▶ Data listing:
==================================================
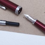Plnicí pero japonské značky Sailor má tělo vyrobené z akrylátového skla vínové barvy. celý popis
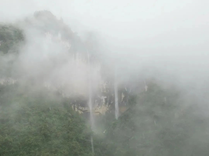 水,则清澈透明,为瀑布的天下,瀑布众多。瀑布多在暗河出口、岩溶山顶、山腰或河流的上游,类型多样,水量一般都不会太大,但却别有特色。
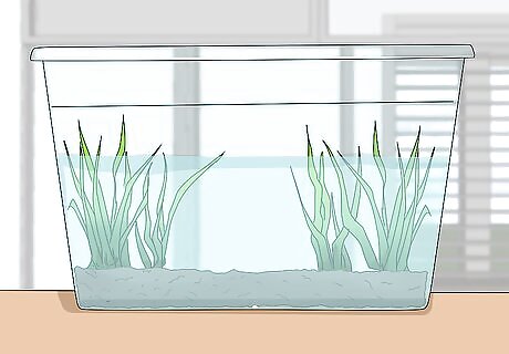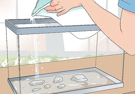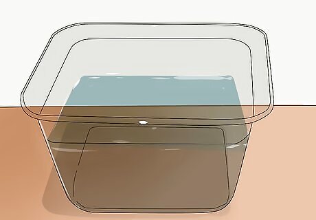 Fill a shallow container with fresh pond water. A good rule of thumb is 1 L (0.26 gallons) of water per tadpole you want to raise. Use a bottle, or another sealable container, to scoop water out of a pond and bring it home. The water needs to be shallow enough that you will be able to place rocks and sticks so they are raised above the water. Use pond water from the same pond you plan to get the tadpoles if possible. If you cannot get pond water, then boil tap water to kill any chemicals used to treat it. Let it cool completely before putting any tadpoles in it. Do not use unboiled tap water or hose water because the chemicals used to treat it can kill the tadpoles.
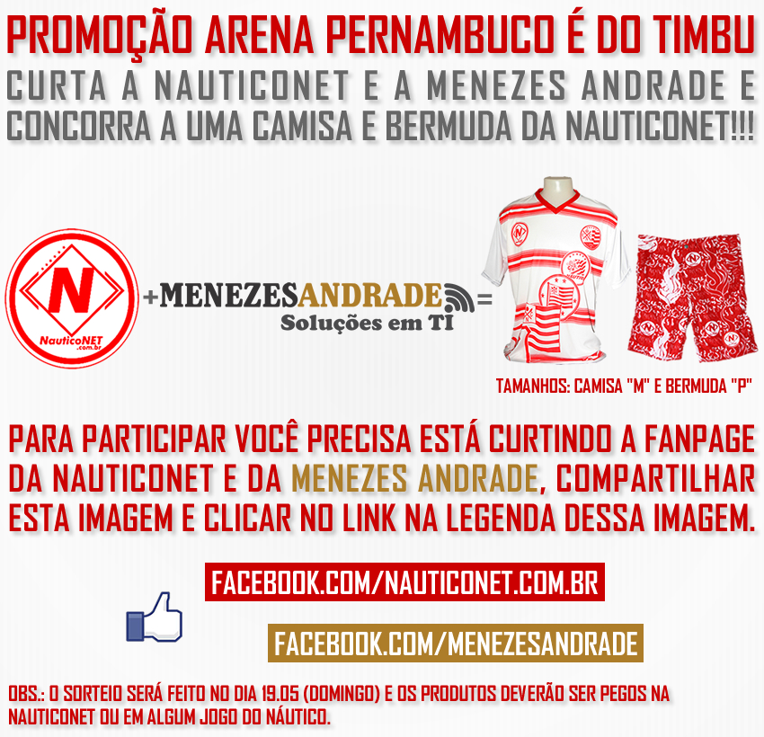 Para participar é muito simples, basta curtir as duas páginas http://www.facebook.com/NauticoNET.com.br/ e http://www.facebook.com/MenezesAndrade/ , curtir a imagem da promoção e compartilhar em modo público.
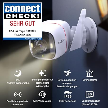 Thông tin sản phẩm TP-Link Tapo C320WS Outdoor Surveillance Camera, WiFi IP Camera, 4MP High Resolution, 30 m Full Colour Night Vision, Motion Detection, IP66 Waterproof, Alarm Message, Two-Way Audio, White, Pack of 1
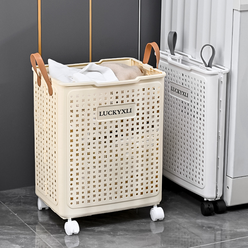 家庭用特大サイズの汚れた衣類用バスケット、車輪付き、大容量、折りたたみ式、見栄えの良い、取り外し可能なプラスチック製の汚れた衣類用バスケット
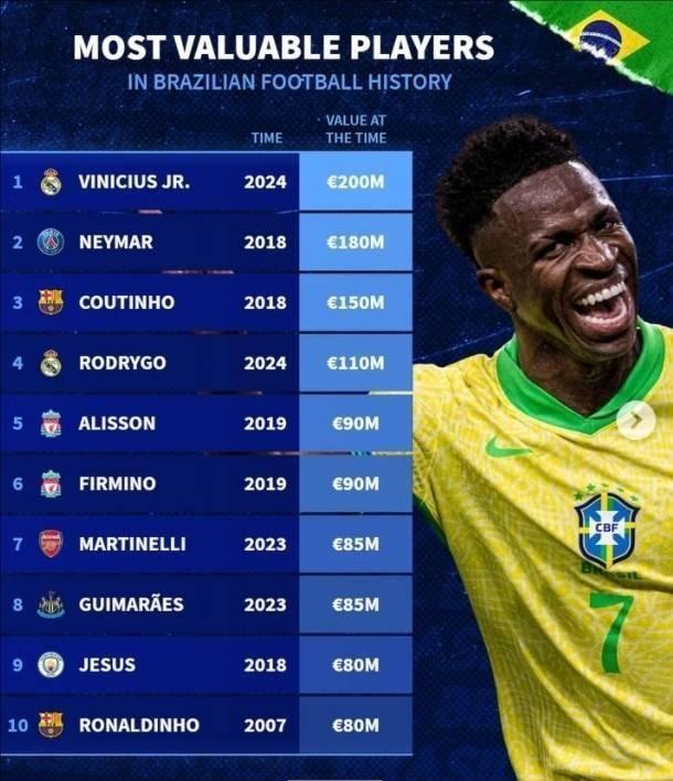 巴西球员历史身价榜:维尼修斯2亿欧居首,内马尔第二、小罗第十
==================================================
▶ What to produce: Your copy should hold only the lines running from the one that contains "Para participar é" through the final line of the data; transcribe them exactly, both ends included, and leave pictures out.

▶ Solution for this exercise:
 Para participar é muito simples, basta curtir as duas páginas http://www.facebook.com/NauticoNET.com.br/ e http://www.facebook.com/MenezesAndrade/ , curtir a imagem da promoção e compartilhar em modo público.
 Thông tin sản phẩm TP-Link Tapo C320WS Outdoor Surveillance Camera, WiFi IP Camera, 4MP High Resolution, 30 m Full Colour Night Vision, Motion Detection, IP66 Waterproof, Alarm Message, Two-Way Audio, White, Pack of 1
 家庭用特大サイズの汚れた衣類用バスケット、車輪付き、大容量、折りたたみ式、見栄えの良い、取り外し可能なプラスチック製の汚れた衣類用バスケット
 巴西球员历史身价榜:维尼修斯2亿欧居首,内马尔第二、小罗第十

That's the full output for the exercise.